Тиская в потных руках промасленный газетный кулек, Силовьев смотрел на подоконник, от которого только что отошел Аристов. Растения в горшках, еще с утра, когда он их поливал, выглядевшие абсолютно здоровыми, почернели. Как будто сгорели и обуглились, сохранив, однако же, форму.
– Фикусы завяли, – буднично сообщил Аристов.
Силовьев еще немного помялся в ожидании пояснений, но, так и не получив их, просеменил к выходу и открыл дверь. Порыв сквозняка подхватил фотографии со стола шефа и швырнул на пол, прямо Силовьеву под ноги: он чуть не наступил на лису с раздвоенным красным хвостом. Уже выходя и запнувшись, как всегда, на пороге, майор обернулся. Горшки на подоконнике стояли пустые: обуглившиеся фикусы осыпались черной пылью.
Дождавшись, когда помощник выйдет из кабинета, Аристов вынул из ящика стола коробку мелков, подошел к двери и опустился на корточки. По паркету, едва заметная, нарисованная мелом, тянулась цепочка рунических символов, змеясь, взбиралась на оба дверных косяка и соединялась над дверью, образуя замкнутый прямоугольник.
Аристов взял голубой мелок и подправил охранительную руну, смазанную подошвой Силовьева.
В кабинете сладко и гнилостно пахло мертвым, остывающим диким зверем. Или, может быть, беляшами.
Глава 4
Дальний Восток. Тайга. Август 1945 г.
Дыхание смерти – одно на всех. В который раз я вижу этому подтверждение. Солдат и зверь, умирая, испускают дух одинаково. Короткий вдох – не вдох даже, а отчаянная, последняя, безнадежная попытка втянуть в себя кислород – и длинный, и такой вдруг спокойный, исполненный безразличия выдох. Да, смерть не любит свидетелей, но она любит убийц. И если убийца склоняется над испускающим дух, и если я склоняюсь над солдатом ли, зверем – мне открывается истинный запах смерти.

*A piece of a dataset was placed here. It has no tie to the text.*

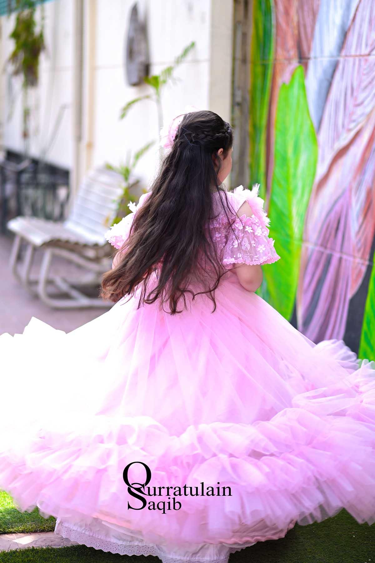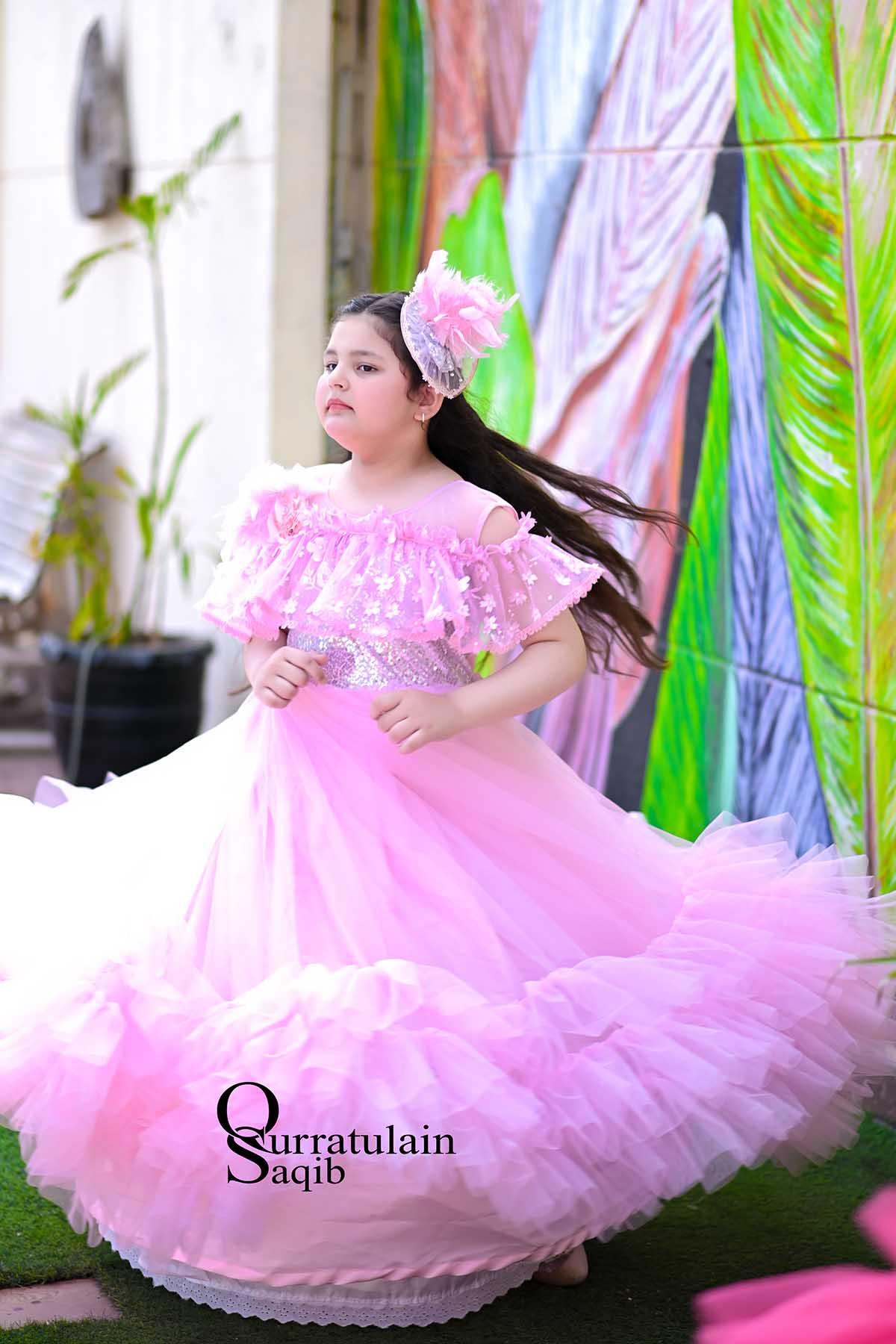 Introducing the Mehar-i-Mah Pink frock, a splendid creation that radiates elegance and charm. Dressed in a captivating blend of blue and green, the frock's base is expertly fashioned from breezy net, imparting a light and ethereal quality. The body of the dress is gracefully crafted with matching breeze net, creating a harmonious and seamless look. Adding an extra layer of sophistication is the accompanying cape, made from intricately embroidered net and embellished with delightful bottom ruffles.

Нет, смерть не воняет разложившейся падалью; падаль – последствие. У смерти – тонкий, пряный, сладкий аромат увядших гвоздик, и прелой листвы, и остывающего, но еще теплого воска, и спутанных, спрятанных под косынкой волос, и липкой, гнойной, сочащейся из разреза на коре священного аравийского древа смолы, из которой делают ладан. У смерти – сложный букет с едва заметным намеком на начало распада…
Когда кабан испускает, наконец, дух, а тот его глаз, что остался целым, в последний раз вспыхивает багровой бусиной боли и ненависти и застывает намалеванной наскоро блеклой картинкой, я извлекаю из кабаньей головы трофейный вертухайский штык-нож, засаженный в глазницу по самую рукоять, обтираю лезвие о встопорщенную жесткую гриву и прячу в карман. И я выдергиваю из его боков три остро заточенных палки, которыми не нанес зверю глубоких ран, но раздразнил его и спровоцировал к нападению. Мне повезло: когда я выследил кабана, он уже был ранен: спина разодрана когтями какого-то хищника – тигра или медведя. Все раны поверхностны, но кабан спасался от нападавшего бегством, и это подорвало его силы.
Я выкуриваю папироску – не потому, что хочу курить, а чтобы едкий дым заглушил во мне ощущение сладкой отравы, неконтролируемое, древнее возбуждение воина, убившего в одиночку дикого вепря.
И я тащу тяжелую тушу в сторону нашего с вором привала, марая низкую сухую траву густой, остывающей кровью зверя. Тревожная и безумная, ворочается в голове мысль: за эту кровь мне полагается заплатить. Но не монетой – чем-то другим. Когда-то я знал, чем платят зверю за кровь, а теперь забыл.